Semina had expected terror.
Instead, there was silence.
The kind of silence that doesn't exist at ground level — no traffic, no conversations, no ticking clocks. Just wind and open sky and the valley spreading below them like something that had always been there, quietly waiting to be seen from this angle.
She forgot, for a full minute, to be afraid.
"Okay?" Martin's voice came from just behind her ear.
"Yes," she said, and meant it completely.
They moved slowly through the air, tilting gently with the current.

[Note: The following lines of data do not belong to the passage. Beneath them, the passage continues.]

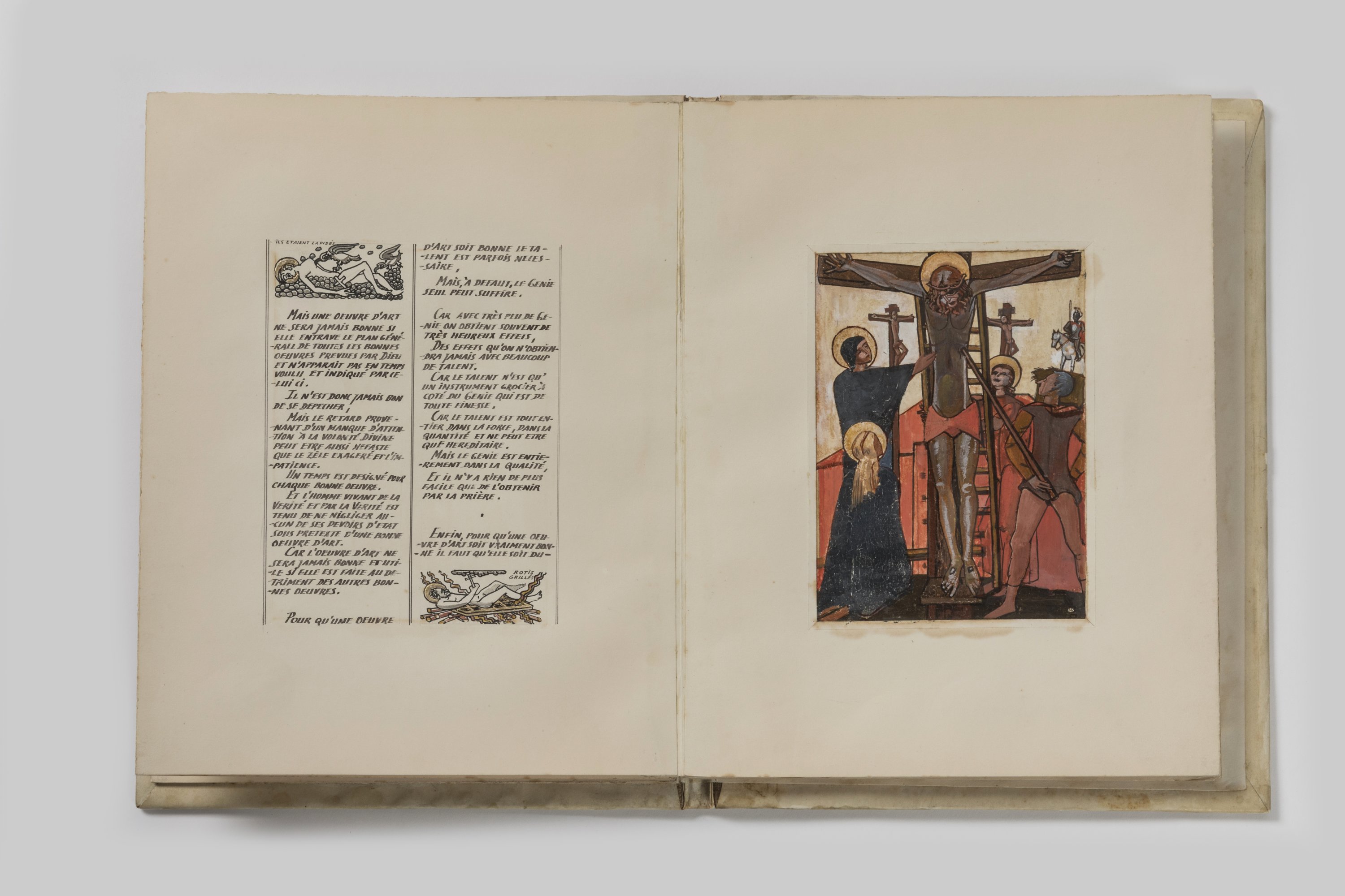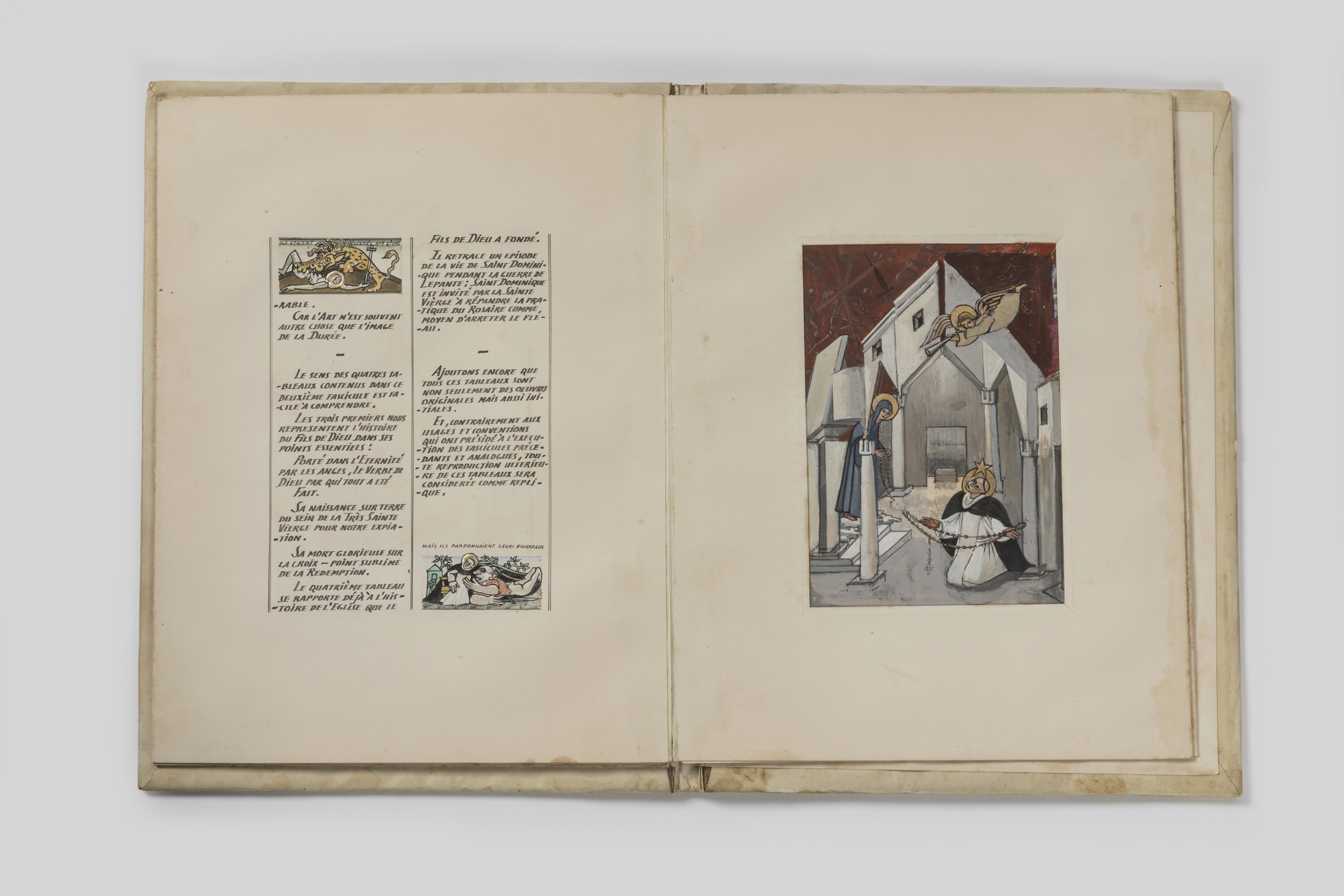 Outre les 8 vignettes in-t., 4 peintures pleine page h.t.: Le Christ en Majesté (Le Verbe) ; La Nativité (Scène de la crèche) ; La Crucifixion (Le Calvaire) ; Saint Dominique (L'épisode de Lépante et le Rosaire).
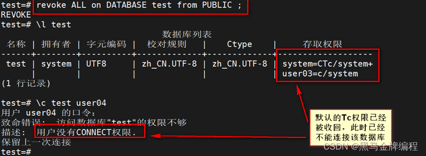 revoke ALL on DATABASE 数据库名 from PUBLIC ;
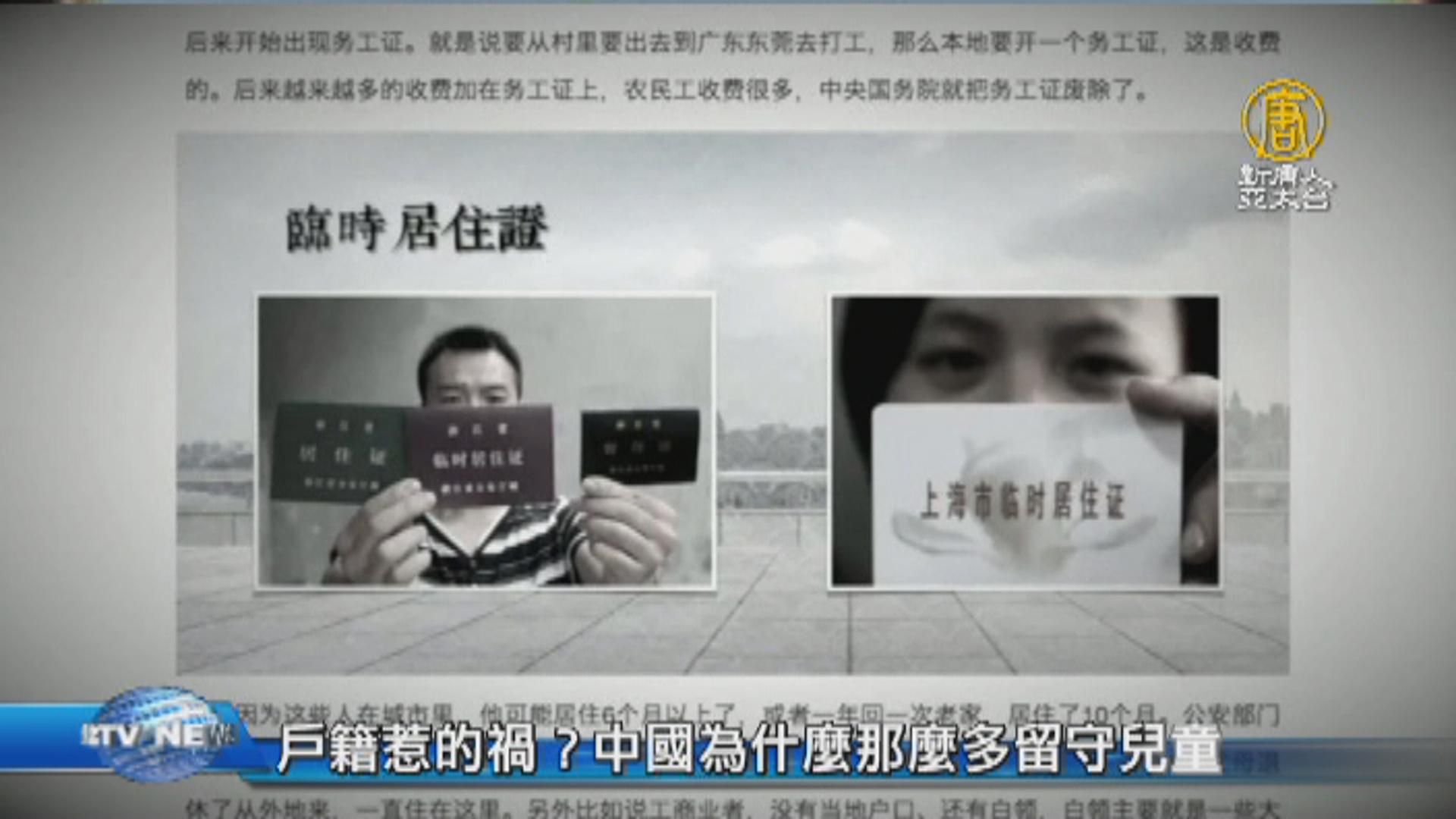 【新唐人亞太台 2018 年 02 月 22 日訊】中國留守兒童問題嚴重,根據數據,中國有六千萬的留守兒,造成這一現象的原因有很多,除了社會結構問題之外,其中一個,恐怕是,中共執政的基本框架之一,戶籍制度。今天的透視焦點,帶您瞭解。

Below, the lake caught the last of the afternoon sun and threw it back in pieces.
"Do you do this every day?" she asked.
"Most days."
"Doesn't it get ordinary?"
A pause. "No. The view changes. The light changes. The person in front changes." Another pause. "Some cry the whole way down. Some go completely silent. Some talk the entire time."
"Which do you prefer?"
"Whichever one means they're still breathing."
Semina laughed despite herself. It surprised her — the laugh, and how light it felt leaving her chest.
She looked out at the sky. The sun was lower now, the valley edged in amber.
Paul would never do this, she thought suddenly. Then: Stop it. You're in the sky. Be in the sky.
She took a breath.
"It's beautiful," she said quietly.
"It is," Martin agreed.
She wasn't sure he was looking at the valley.
The thought arrived and she filed it immediately under highly unlikely, do not investigate.
She cleared her throat. "I may have said something out loud earlier. Before we took off. Under my breath."
"Did you?"
"Something about —" she paused. "Something about the view."
"The view," he repeated, with great neutrality.
"Yes. The scenery. Very scenic."
"Very scenic," he agreed.
His voice contained a chuckle he was clearly too professional to release.
Semina fixed her gaze firmly on the horizon and decided that some things were better left unacknowledged at altitude.
Below them, the lake glittered.
The valley held its breath.
And for the first time in longer than she could remember, Semina Arlen was not thinking about failure, or family, or the future.
She was simply, completely, entirely here.